Dawid Grabowski OMI: Rower challenge [blog]

Sposobów na kształtowanie samozaparcia jest wiele, więc jazda rowerem może być pierwszym z nich.

7 września 2022

Jedno z przysłów mówi, że „w miarę jedzenia apetyt rośnie”. Te słowa można odnieść do wielu spraw, także do jazdy na rowerze. Dzisiaj wiele osób nie tylko lubi ten sport, ale organizuje wyprawy rowerowe (krajowe czy nawet zagraniczne) oraz wyznacza sobie różne cele do osiągnięcia (np. liczba przejechanych kilometrów w roku albo określony czas na danej trasie). To może być czymś więcej niż pasją czy okazją do spotkania z drugim człowiekiem, ale również pewną pomocą w rozwoju osobistym.

Przypominam sobie jak dwa lata temu zacząłem jeździć rowerem w okolicach Świętego Krzyża i zawsze zmagałem się na ostatnich kilometrach, gdyż musiałem jechać stale pod górę. Pamiętam pot kapiący na ramę (szczególnie z pierwszego wyjazdu), nieustanną pracę przerzutek i ciągłe powtarzanie „ile jeszcze!?”. Wtedy było to dla mnie ogromne wyzwanie. Z biegiem czasu jednak znajdowałem sposoby na te przeciwności i w drugim roku mogłem wyznaczać sobie miejsca z których podjadę na szczyt góry bez postoju. Różnica była ogromna. Rok wcześniej było to nie do pomyślenia. Niekiedy powtarzałem sobie słowa: „albo ja albo górki”. Ostatecznie wygrałem dzięki samozaparciu.

Zmagania sportowe, chociażby te na dwóch kołach, uczą pokonywania przeciwności i samozaparcia. W życiu codziennym łatwo upadać na duchu i ulegać trudom, więc wzmocnienie charakteru i siły woli są niezwykle cenne. Jeśli człowiek chętnie osiąga małe cele w swoich pasjach, łatwiej mu będzie osiągać ważne cele w życiu codziennym.

Uprawianie sportu pobudza do zdrowego przezwyciężania samych siebie i własnego egoizmu, ćwiczy ducha poświęcenia i jeśli jest dobrze zorganizowane, sprzyja koleżeństwu w relacjach międzyludzkich, przyjaźni i poszanowaniu zasad (papież Franciszek).

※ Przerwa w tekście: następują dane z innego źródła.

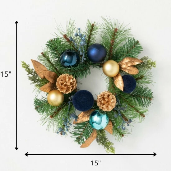 - Accentuate your space with this 15″ artificial ornamental pine mini wreath
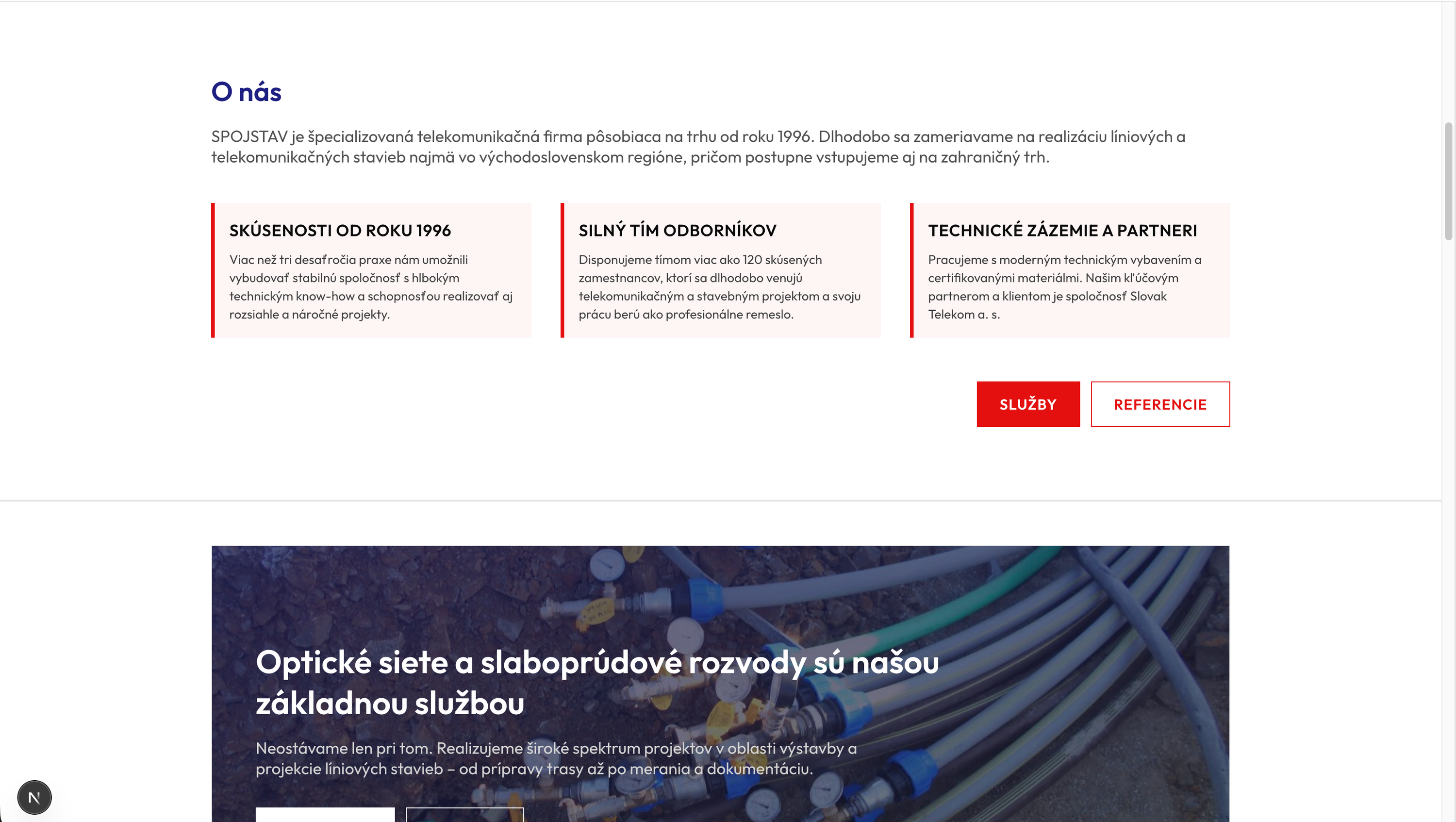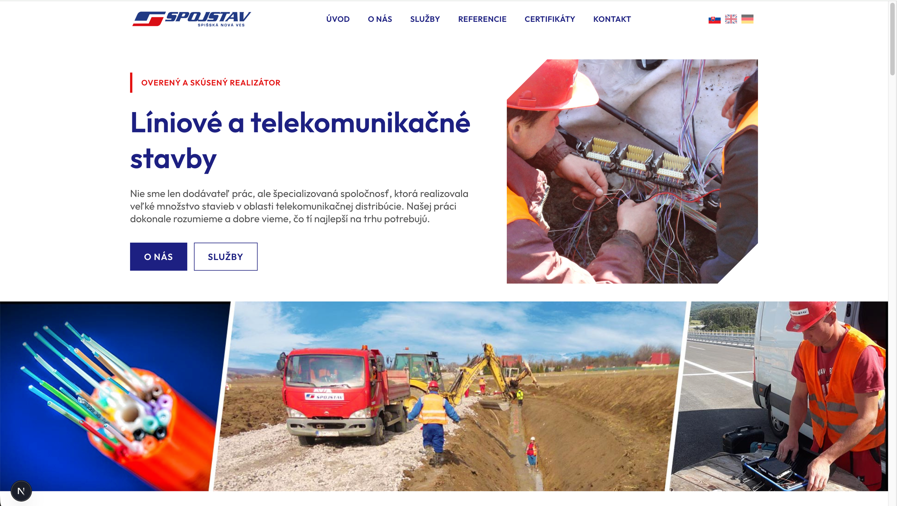 A presentation website for Spojstav Spišská Nová Ves s. r. o., focused on clearly showcasing construction services and completed projects.
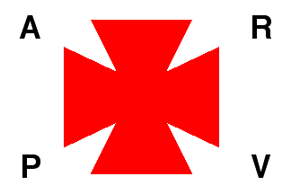 The house flag of ARPV (same source as above) is white with a thick red cross patty in the middle, surrounded by the letters "A", "R", "P" and "V", placed in the respective corners of the flag.
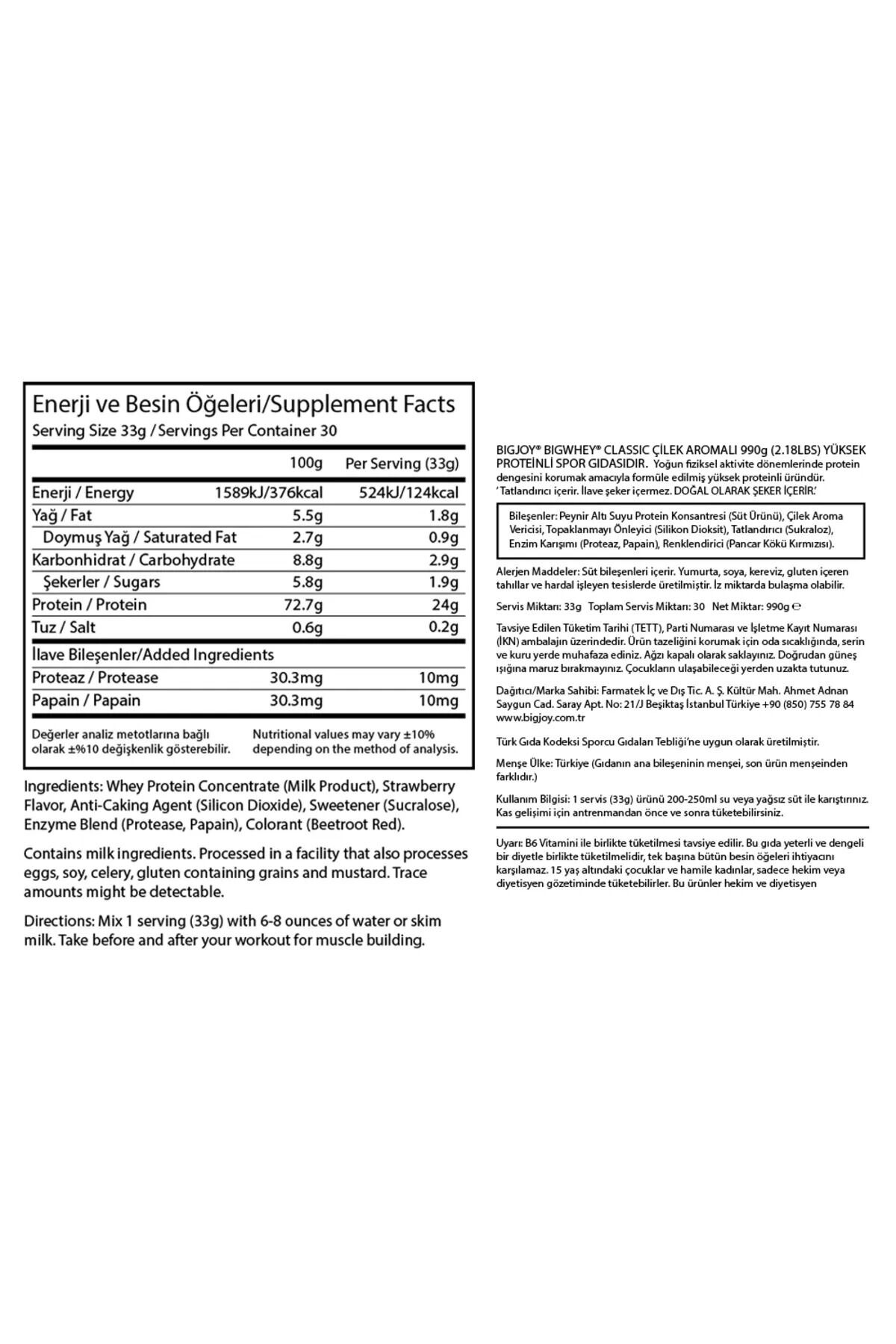 Big Whey Classic Whey Protein Tozu 915 gr Çilek Aromalı

Może to mieć pewien wpływ na wiarę, na dążenie do ostatecznego celu, którym jest królestwo Boże. Pod wpływem grzechów (swoich i innych ludzi) rodzi się pokusa rezygnacji czy zniechęcenie, a czy samozaparcie nie pomaga w powrocie do Boga i podjęciu na nowo krzyża codzienności? Oczywiście nie wszystko zależy od człowieka, ale Stwórca bez jego współpracy nic nie zdziała na siłę.

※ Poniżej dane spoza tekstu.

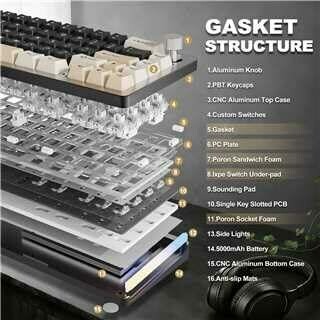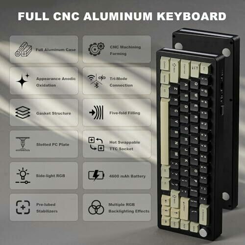 The keyboard features 66 keys plus a multifunction knob, in a 65% layout with a gasket-mounted aluminum chassis. Construction uses CNC machining with anodic oxidation for durability and corrosion resistance. It supports three modes of connection—Bluetooth, 2.4 GHz wireless, and wired—connecting to up to four devices simultaneously. Battery capacity is 5000 mAh with an estimated up to 90 hours of typing, depending on usage. The keyboard is hot-swappable and compatible with 3-pin or 5-pin switches, and includes pre-lubed switches and stabilizers. It uses poron sandwich foam, poron socket foam, and PET sound pads in the assembly. RGB features include 14 default effects and 8 backlight colors with south-facing LEDs. NKRO support allows simultaneous key presses. Compatibility includes Windows and Mac systems, with optional software available for DIY settings on Windows only.

Sposobów na kształtowanie samozaparcia jest wiele, więc jazda rowerem może być pierwszym z nich. Z biegiem czasu można odkrywać inne środki, mające jeszcze większą skuteczność.


O. Dawid Grabowski OMI – spowiednik i kierownik duchowy kleryków Wyższego Seminarium Duchownego w Obrze.